— TASK PROMPT —
Omit the pictures and return exactly the stretch of the material below from the line with "Установил на стенку" through the line with "- Executor 的定义非常简单,就定义了线程池最本质要做的事,执行任务。".
++++ EXCERPTED DATA
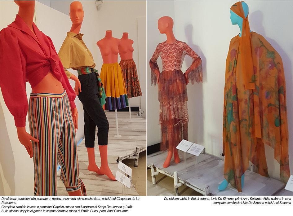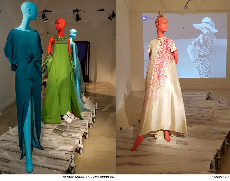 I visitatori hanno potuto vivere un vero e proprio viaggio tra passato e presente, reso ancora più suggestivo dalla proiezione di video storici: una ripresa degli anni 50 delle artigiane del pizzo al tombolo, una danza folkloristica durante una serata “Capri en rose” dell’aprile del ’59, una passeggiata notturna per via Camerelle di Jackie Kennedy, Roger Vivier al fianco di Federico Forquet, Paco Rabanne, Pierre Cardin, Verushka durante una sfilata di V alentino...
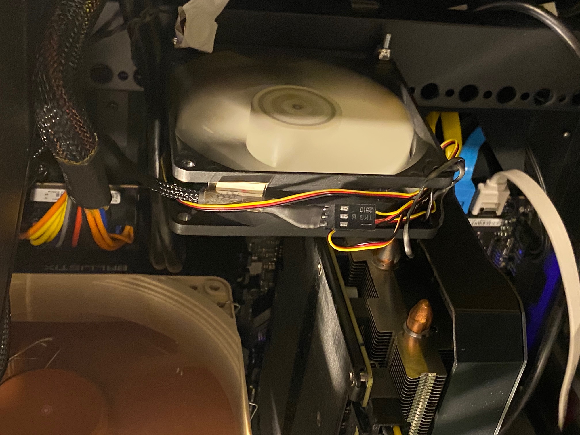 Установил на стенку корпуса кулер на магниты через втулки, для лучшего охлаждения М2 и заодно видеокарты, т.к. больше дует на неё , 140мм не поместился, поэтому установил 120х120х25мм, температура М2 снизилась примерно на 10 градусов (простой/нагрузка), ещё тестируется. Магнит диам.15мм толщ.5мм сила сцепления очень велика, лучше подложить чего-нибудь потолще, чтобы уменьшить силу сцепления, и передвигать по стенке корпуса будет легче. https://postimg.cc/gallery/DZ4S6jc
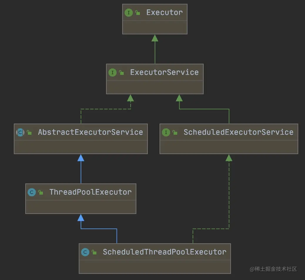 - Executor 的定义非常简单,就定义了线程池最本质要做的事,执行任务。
++++++++
++++ EXCERPTED DATA
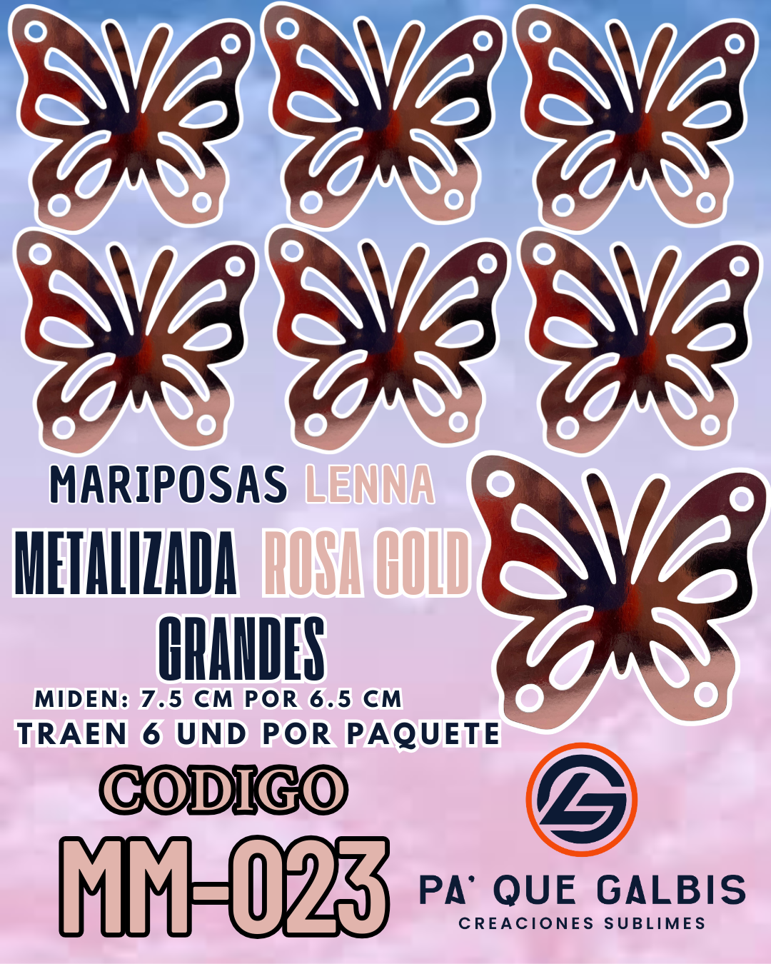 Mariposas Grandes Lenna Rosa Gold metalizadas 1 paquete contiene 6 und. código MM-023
++++++++
++++ EXCERPTED DATA
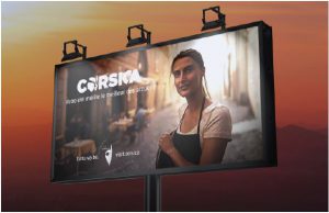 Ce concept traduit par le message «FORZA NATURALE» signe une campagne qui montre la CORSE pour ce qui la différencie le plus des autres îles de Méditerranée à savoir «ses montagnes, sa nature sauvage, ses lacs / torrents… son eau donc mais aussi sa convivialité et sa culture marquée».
++++++++
— ANSWER SPACE —
 Установил на стенку корпуса кулер на магниты через втулки, для лучшего охлаждения М2 и заодно видеокарты, т.к. больше дует на неё , 140мм не поместился, поэтому установил 120х120х25мм, температура М2 снизилась примерно на 10 градусов (простой/нагрузка), ещё тестируется. Магнит диам.15мм толщ.5мм сила сцепления очень велика, лучше подложить чего-нибудь потолще, чтобы уменьшить силу сцепления, и передвигать по стенке корпуса будет легче. https://postimg.cc/gallery/DZ4S6jc
 - Executor 的定义非常简单,就定义了线程池最本质要做的事,执行任务。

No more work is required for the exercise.